In 1839, Edward Bulwer-Lytton first introduced us to the idea that perhaps, “The pen is mightier than the sword.”

Now in 2016, we might be able to say the same about the power of a can of spray paint thanks to groups like Women on Walls (WoW).

“We are using art to discuss one of the most important issues in Egypt, women’s empowerment,” explains WoW founder, Mia Gröndahl, in a Spring 2014 post to South Writ Large—a website for “Stories, Arts and Ideas from the Global South.” Gröndahl goes on to note that under this large ideological umbrella, WoW is then also able to go on and address related social, political, economic and cultural issues.

Egyptian artist, Khadiga El-Ghawas started sketching and doing tags on street corners in 2010—a year before the start of the revolution in Egypt. Then on January 25, 2011, everything changed as Egyptians took to the streets to call for the removal of then-President Hosni Mubarak. El-Ghawas notes that, “…after the revolution of course we all became political.” It was also in 2011 that she connected with Women on Walls and began to use her art to actively engage with political discourses and discourses on women.

El-Ghawas says that the revolution gave her art more direction, and “…things began to be more clear.” “My art became more meaningful,” she continues, “It had a message.”

Khadiga El-Ghawas

"Not a license for your eyes"

For example, “Not a license for your eyes” is a piece that El-Ghawas hopes will start conversations on street harassment. “I hope that anyone who reads what I’m writing on streets will take a second look and think ‘Why do I harass and say mean words to girls on the streets?’” she says.

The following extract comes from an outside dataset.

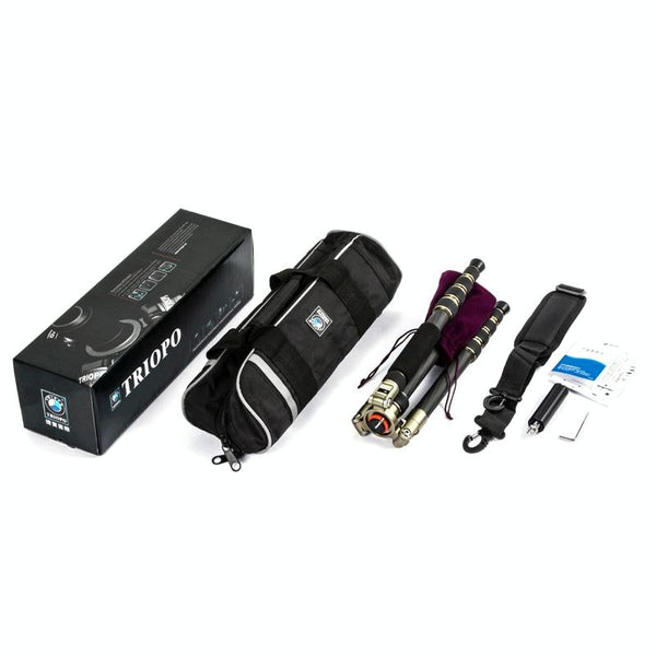 Triopo GT-2505x8.C Adjustable Portable Carbon Fiber Tripod (Gold) with B-1 Aluminum Ball Head (Black) for Canon Nikon Sony DSLR Camera

For her, the piece was also very personal. “I felt it a lot,” El-Ghawas says of the piece. She wears traditional Muslim attire. “People just look at me and judge me from my looks,” she says, “My type of clothing has a lot of stereotypes.  I wrote it with all my heart.  I felt it so much.”

Getting people to engage in conversations on the issues is just the tip of the iceberg. El-Ghawas hopes that things will go even further. “It’s not enough to say ‘Don’t behave that way’ and you don’t give them the alternatives,” she says. To continue the conversation, she hopes to see the creation of awareness programs, where people discuss stereotypes. “Like I said, these people don’t have any jobs and they do things haphazardly…If you gave them a job and if you could just let them find a goal in their lives, their lives will change,” she continues. She also stresses the importance of developing a mutual understanding, where girls understand boys and boys understand girls, and there is no gender gap. In order for that to happen though, she says, “You need more than the shape of a girl on a wall and a message behind it.”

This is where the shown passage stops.